The Queen is a queen. We can also speak of queen bees. This follows exactly the same pattern as internet:
Noun not capitalised. - Several internets (not used)
Proper noun capitalised. - The Internet
Adjective not capitalised - internet banking


----------



## gaer

Eigenfunction said:


> The Queen is a queen. We can also speak of queen bees. This follows exactly the same pattern as internet:
> 
> Noun not capitalised. - Several internets (not used)
> Proper noun capitalised. - The Internet
> Adjective not capitalised - internet banking


It's not the same at all. Internet banking is still talking about banking using the Internet.

When you talk about "queen bees", the bees have _no_ connection at all to _the Queen_.

Panjy clearly why "internet" only refers "the Internet".



> _Over the period since then, private internets have become known as intranets, less private but still protected internets have become extranets. This probably leaves the Internet as the only internet._


----------



## Eigenfunction

Perhaps we must deduce that internet banking is not banking using the Internet, but banking using an internet (which just happens to be the Internet in most cases).


----------



## gaer

Eigenfunction said:


> Perhaps we must deduce that internet banking is not banking using the Internet, but banking using an internet (which just happens to be the Internet in most cases).

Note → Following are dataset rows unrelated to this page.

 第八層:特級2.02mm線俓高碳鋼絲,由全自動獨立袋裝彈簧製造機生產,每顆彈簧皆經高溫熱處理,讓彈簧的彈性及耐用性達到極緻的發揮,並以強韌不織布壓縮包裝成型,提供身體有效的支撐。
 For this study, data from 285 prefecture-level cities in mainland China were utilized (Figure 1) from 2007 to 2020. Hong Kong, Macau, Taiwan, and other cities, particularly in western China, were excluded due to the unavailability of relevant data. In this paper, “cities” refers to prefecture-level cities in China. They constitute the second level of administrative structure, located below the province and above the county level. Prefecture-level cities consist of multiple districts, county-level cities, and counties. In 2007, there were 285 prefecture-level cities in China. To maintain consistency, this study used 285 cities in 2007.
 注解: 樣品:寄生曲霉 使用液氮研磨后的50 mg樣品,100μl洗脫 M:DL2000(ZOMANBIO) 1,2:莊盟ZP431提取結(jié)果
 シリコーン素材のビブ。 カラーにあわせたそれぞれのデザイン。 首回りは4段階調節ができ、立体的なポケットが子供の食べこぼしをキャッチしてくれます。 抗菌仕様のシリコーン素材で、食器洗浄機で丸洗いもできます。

I don't deduce that at all. I don't think that's what the term means.

I think you are going out of your way to rationalize a reason for an anomaly that has no reason for it!


----------



## cuchuflete

One of the previous threads linked to the link panj provided had a post which made a telling point.  Once upon a time, the Telephone was an important novelty, and the noun was a proper noun.  With widespread use, it became a plebian, ordinary noun, and the capital T went the way of the buggy whip.  This may be happening more quickly with the i/Internet, which for me is no more a proper noun than a bog roll (a roll of toilet paper in AE). It is an everyday item.  I don't capitalize salt shaker, and I find the internet to be a mundane tool, however valuable.  

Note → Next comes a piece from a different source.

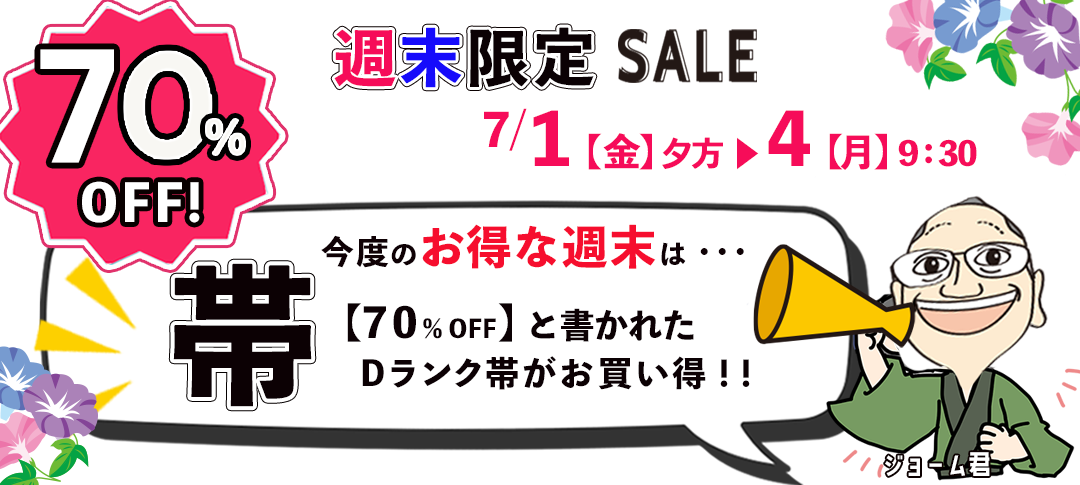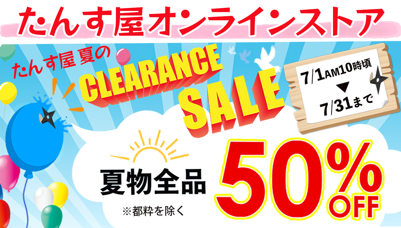 リユース着物「たんす屋」のオンラインショッピングサイト「たんす屋オンオンラインストア」で、7月のマンスリーキャンペーンとして「サマークリアランスセール」を開催します。夏向きの、浴衣・着物・帯・羽織物・男物などを50%OFFで販売。もともとリーズナブルな価格帯のリユース着物を、よりお求めやすい価格で提供いたします。
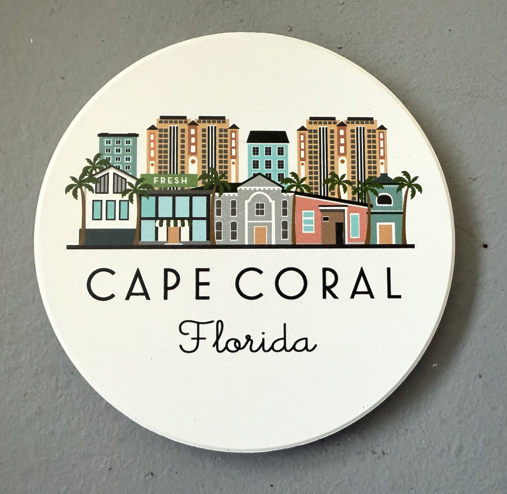Cape Coral, Florida geometric graphic skyline. UV-Printed, very absorbent ceramic stone coaster with cork backing. Natural white background with matte finish

Most, but not all, dictionaries suggest or demand an I.  Lexicographers are not known for their linguistic leadership habits.


----------



## Eigenfunction

gaer said:


> I think you are going out of your way to rationalize a reason for an anomaly that has no reason for it!


Until I thought about it, I thought it odd that it is capitalised, but after thinking about it, it makes sense to me. And whoever heard of an adjective being capitalised?


----------



## lian.alon22

Actually, you can say "I love Internet", but you MUST capitalize the "i" if you do so. Mostly, you hear "I love the internet", but Internet is a proper noun, which is almost never observed, in AE, anyway. So actually, both of your first sentances are correct, but mostly you will hear "the internet" over "Internet".


----------



## cuchuflete

> And whoever heard of an adjective being capitalised?



When some proper nouns are used as adjectives (attributive nouns), they hold on to their typographic grandiosity.  The White House press staff, for example.


----------



## gaer

lian.alon22 said:


> Actually, you can say "I love Internet", but you MUST capitalize the "i" if you do so. Mostly, you hear "I love the internet", but Internet is a proper noun, which is almost never observed, in AE, anyway. So actually, both of your first sentances are correct, but mostly you will hear "the internet" over "Internet".


Who have you heard say, "I love Internet!" with no "the"? 

How can you "hear" one spelling over another?


----------



## lian.alon22

You don't hear the spelling, but if you notice, there is a word difference, which is not a spelling issue, but a grammatical/sentence structure difference. I have heard teachers and adults use it. Like I said, it is not very common, but it is correct. It is often overlook, however, and I'm not sure why because we usually cut out syllables, not add them.


----------



## gaer

Eigenfunction said:


> Until I thought about it, I thought it odd that it is capitalised, but after thinking about it, it makes sense to me. And whoever heard of an adjective being capitalised?


This is the the norm:

the Red Sea, Red Sea information.
the Senate, Senate races
the Missippi River, Mississippi River transportation
the Vatican, Vatican excavations

I am claiming that this is either an anomaly or at least unusual:

the Internet, internet banking

I'm asking for more examples of the latter.

Gaer


----------



## cuchuflete

lian.alon22 said:


> Like I said, it is not very common, but it is correct.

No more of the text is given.